In this example, it is possible to select between automatic contrast control that automatically sets the viewing angle according to ambient illuminance and automatic video control that automatically sets the viewing angle based on video.
In the case of automatic contrast control, the control unit 10 compares the illuminance detected by the optical sensor 14 with a reference value, and narrows the viewing angle of the liquid crystal display device when the illuminance is less than or equal to the reference value. On the other hand, in the case of automatic video corresponding control, the control unit 10 compares the APL detected by the video signal processing unit 19 functioning as the APL detection means with a reference value, and if the APL is less than the reference value, the liquid crystal display Try to narrow the viewing angle of the device. Since the viewing angle in the liquid crystal display device of this example is determined by the voltage applied to the liquid crystal element 22 for controlling the phase difference, the control unit 10 adjusts the liquid crystal for phase difference control so that the viewing angle of the liquid crystal display device is narrowed. A viewing angle control signal SIG1 that defines a voltage to be applied to the element 22 is generated, and the viewing angle is changed by applying the viewing angle control signal SIG1 to the phase difference control liquid crystal element 22.

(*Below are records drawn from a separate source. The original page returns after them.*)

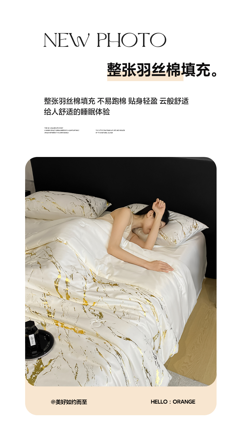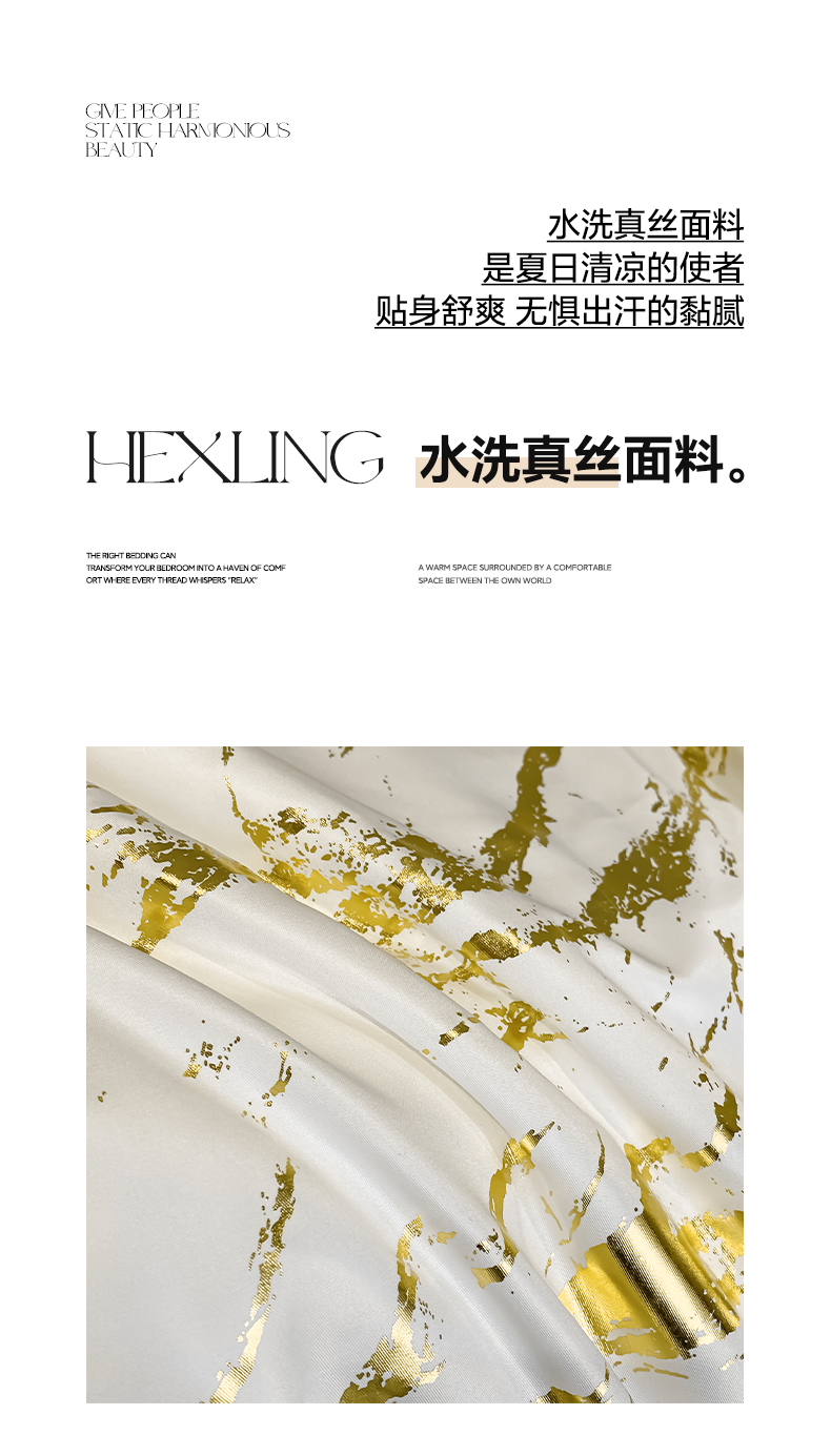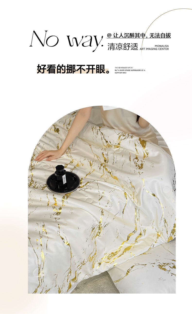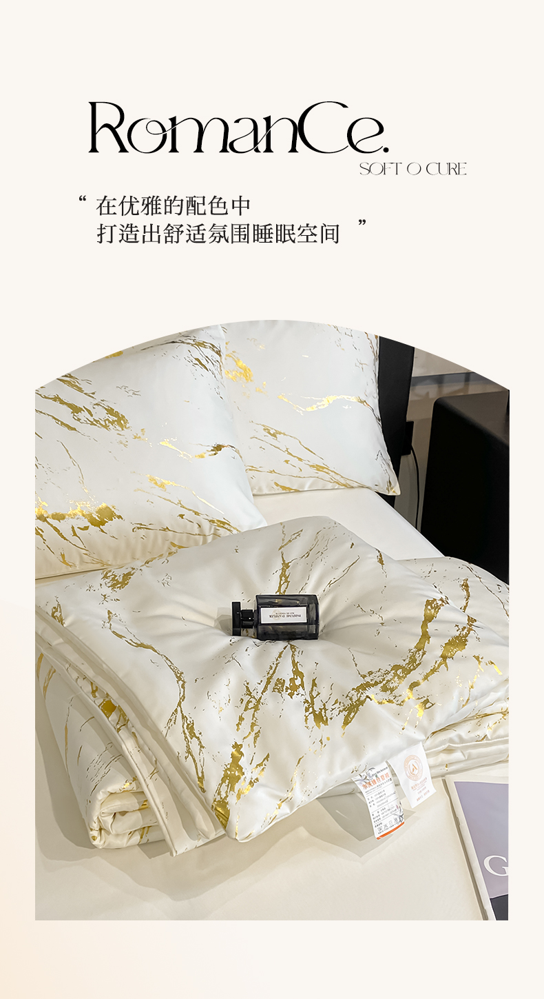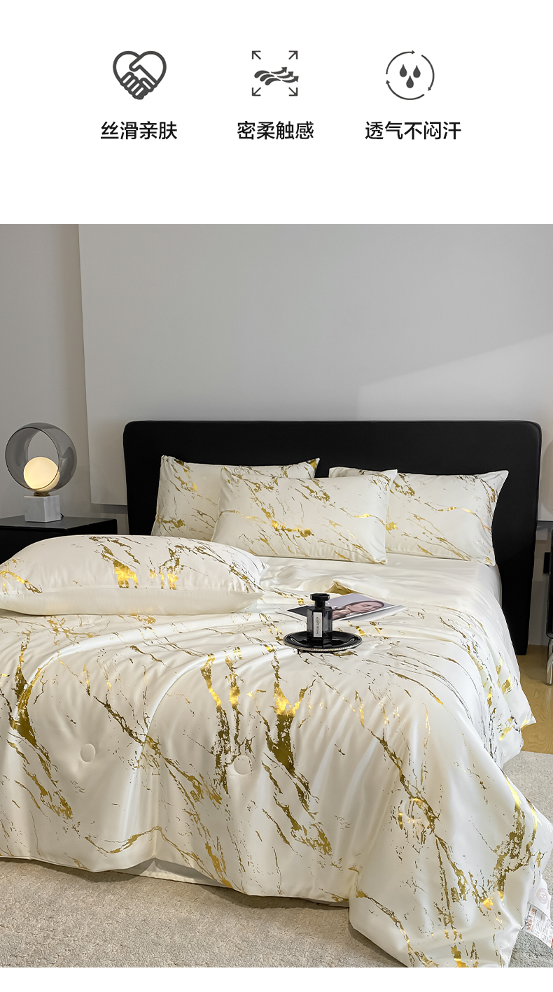 商品名称:(总)宇航家纺 2026新款简约大理石纹烫金水洗真丝夏被四件套
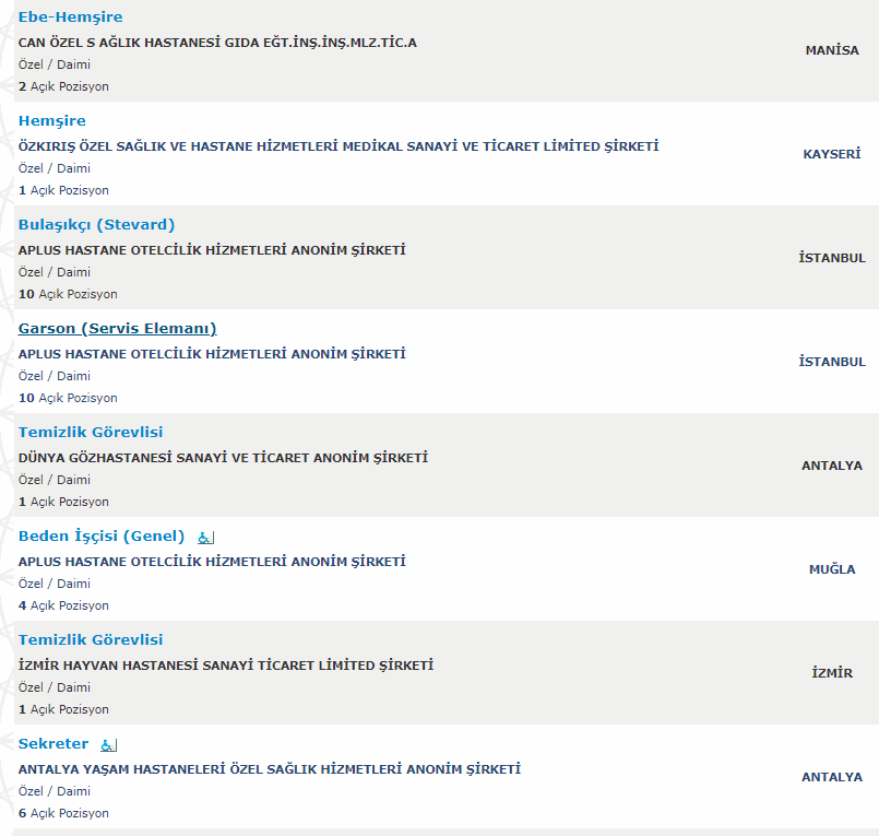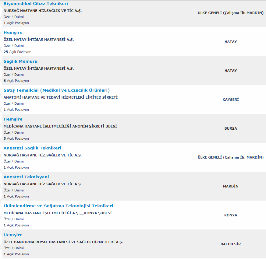 Kariyer üzerinden yayımlanan 1361 ilan ile çok sayıda personel alınırken İŞKUR ve üniversite hastaneleri ilanlarının da eklenmesi ile 1800 civarında personel alımı yapılıyor. İlanlara nasıl başvuru yapılacağı yukarıda anlatılmıştır. Kariyer ve İŞKUR ilanları özel hastanelere yapılan personel alımlarıdır. Diğerleri ise kamuya yapılıyor.
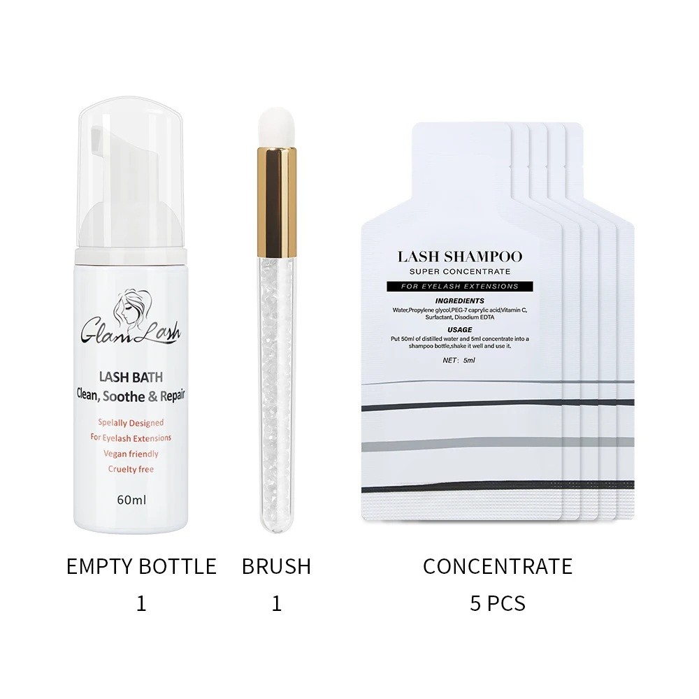 Praktisk sæt til forberedelse af skummende shampoo til vipper. Indeholder 5 stk koncentrat, 60 ml flaske og rengøringsbørste. Fuld beskrivelse
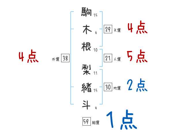 総運![]() | 駒木根梨緒斗さんの総運は59画の1つ星!意志の弱さであきらめることが多いかも。粘り強さが必要。 あなたの人生を表す1番重要な運勢です。生涯を通じて影響する総合運となり、主に50歳以降の晩年期に影響を及ぼします。 |
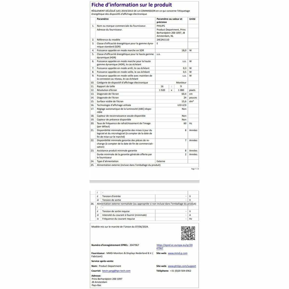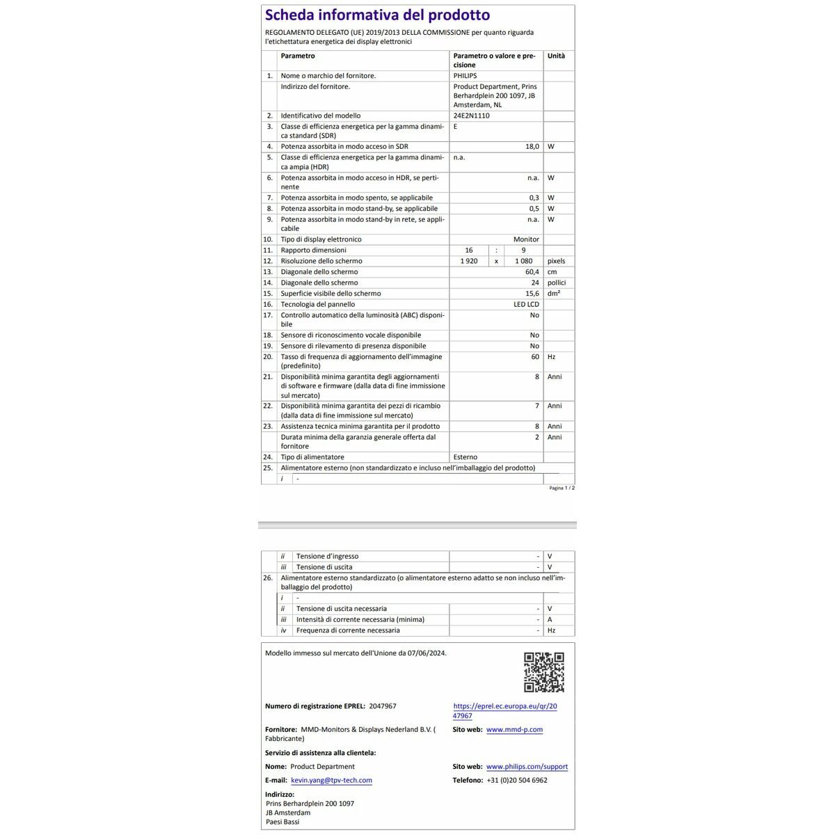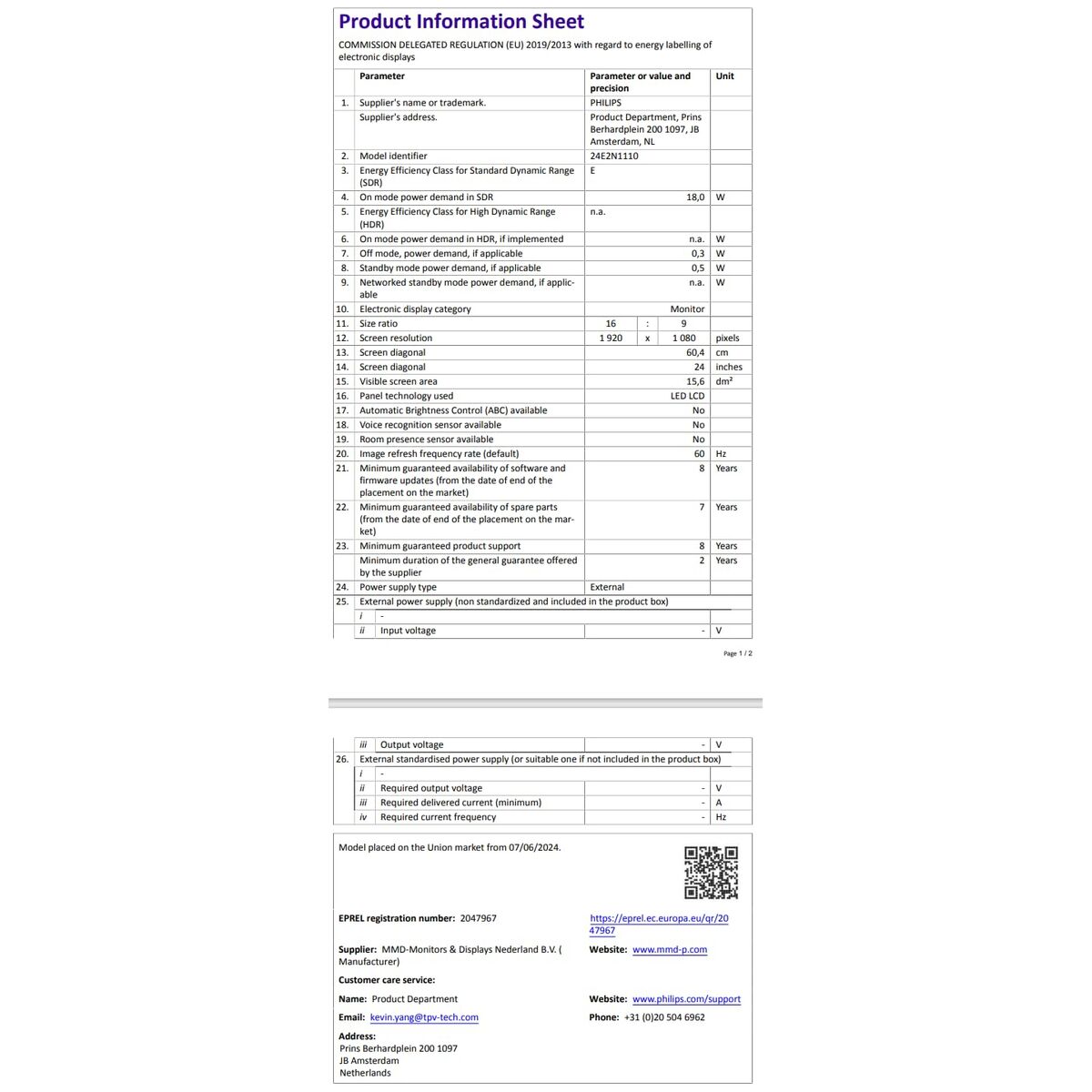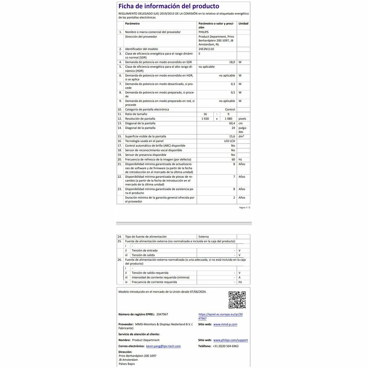 Skærm Philips 24E2N1110/00 24″ Full HD

  Unlike the PDP, FED, and the like, the liquid crystal element is not a self-luminous display element. Therefore, a backlight 23 having a plurality of discharge tubes as light sources is disposed on the back surface of the liquid crystal element 22 for phase difference control. As a backlight application, a cold cathode ray discharge tube (CCFL) that has a long life and emits white light close to natural light and generates little heat is used. A light source such as a light emitting diode may be used instead of the discharge tube.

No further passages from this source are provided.